In some circumstances, the Second Circuit has failed to exercise appellate jurisdiction in considering a lower court’s decision on an anti-SLAPP special motion to dismiss. See Ernst v. Carrigan, 814 F.3d 116, 117 (2d Cir. 2016) (holding that the Vermont district court’s ruling on the merits of special motions to strike under the anti-SLAPP statute did not fall within the collateral order doctrine). The Court in Carrigan held that “[a]n appeal from an order passing on the merits of a special motion to strike filed under Vermont’s anti-SLAPP statute does not fulfill the second requirement for an appealable collateral order: that it will ‘resolve an important issue completely separate from the merits of the action.’” Id. at 119. “An issue is ‘completely separate from the merits’ if it is ‘significantly different’ and ‘conceptually distinct’ from the ‘fact-related legal issues that likely underlie the plaintiff’s claim on the merits.’” Id. (quoting Johnson v. Jones, 515 U.S. 304, 314 (1995)). In considering anti-SLAPP special motions, “[c]ourts necessarily evaluate in detail the merits of a plaintiff’s claim.” Id. 119–20 (noting, for example, that Vermont’s anti-SLAPP statute “instructs the court to consider the ‘pleadings and supporting and opposing affidavits’ when weighing whether the plaintiff has shown that the defendant’s conduct or statement was ‘devoid of any reasonable factual support’ or ‘any arguable basis in law’ and ‘caused actual injury to the plaintiff’ and “[s]uch analysis is entangled in the facts, and plainly is not ‘completely separate from the merits’ of a plaintiff’s action”) (Internal citations omitted). But see id., 120–21 (recognizing that other courts, including the Ninth Circuit, have “held the separability condition was met because an order denying an anti-SLAPP motion ‘merely finds that such merits may exist, without evaluating whether the plaintiff’s claim will succeed’”) (Internal citations omitted). 

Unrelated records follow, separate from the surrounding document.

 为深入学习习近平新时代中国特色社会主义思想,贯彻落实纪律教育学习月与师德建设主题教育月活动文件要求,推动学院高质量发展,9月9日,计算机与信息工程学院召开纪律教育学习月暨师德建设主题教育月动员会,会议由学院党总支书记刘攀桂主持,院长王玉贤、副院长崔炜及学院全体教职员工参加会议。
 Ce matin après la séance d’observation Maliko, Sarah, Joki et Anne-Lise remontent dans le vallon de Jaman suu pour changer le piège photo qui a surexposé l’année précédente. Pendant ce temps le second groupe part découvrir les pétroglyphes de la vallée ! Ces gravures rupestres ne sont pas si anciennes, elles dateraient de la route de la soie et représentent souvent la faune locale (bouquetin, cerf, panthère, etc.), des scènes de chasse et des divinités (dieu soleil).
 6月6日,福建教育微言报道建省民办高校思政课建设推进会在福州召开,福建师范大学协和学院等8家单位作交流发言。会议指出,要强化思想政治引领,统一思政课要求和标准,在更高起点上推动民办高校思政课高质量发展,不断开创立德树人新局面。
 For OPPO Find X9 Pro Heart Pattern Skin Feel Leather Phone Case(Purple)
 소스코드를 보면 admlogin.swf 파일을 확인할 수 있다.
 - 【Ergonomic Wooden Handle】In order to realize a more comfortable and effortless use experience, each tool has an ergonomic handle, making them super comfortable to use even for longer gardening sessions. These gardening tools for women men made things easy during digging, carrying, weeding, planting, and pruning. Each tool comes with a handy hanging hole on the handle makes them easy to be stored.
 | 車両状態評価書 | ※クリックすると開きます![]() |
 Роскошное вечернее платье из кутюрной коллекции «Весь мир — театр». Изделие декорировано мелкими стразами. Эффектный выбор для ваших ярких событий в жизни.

In Liberty Synergistics, however, the court found that the order satisfied the separability requirement because the “legal question presented in th[e] appeal—namely, whether the forum transfer made the anti-SLAPP rule inapplicable”—was “predicated on a source of law that did not apply to the suit.” 718 F.3d at 149, 151 (specifically noting, however, the operative distinction in this case).


Connecticut’s anti-SLAPP statute is a useful tool in protecting defendants from lawsuits which seek tort damages designed to discourage individuals from exercising their constitutionally protected rights, such as communicating with police and officials, the right to free speech and association. The Connecticut antiSLAPP statute can be utilized when a defendant is presented with a lawsuit for which the conduct at issue arises from the defendant’s exercise of those rights. Defense counsel should be prepared to promptly file a motion to dismiss and prosecute the motion as a means of obtaining a favorable disposition which avoids unnecessary defense costs and a trial involving the presentation of evidence on an otherwise meritless claim. The additional benefits to defendants include: the limitations on discovery and amendments to the complaint during the court’s consideration of the motion; the opportunity for the prevailing party to seek an award of costs and reasonable attorney’s fees ; the expedited process for obtaining a ruling thereon; and the burden shifting two-prong analysis which shifts the burden to the plaintiff to demonstrate that it will prevail taking into account the defenses to the claims.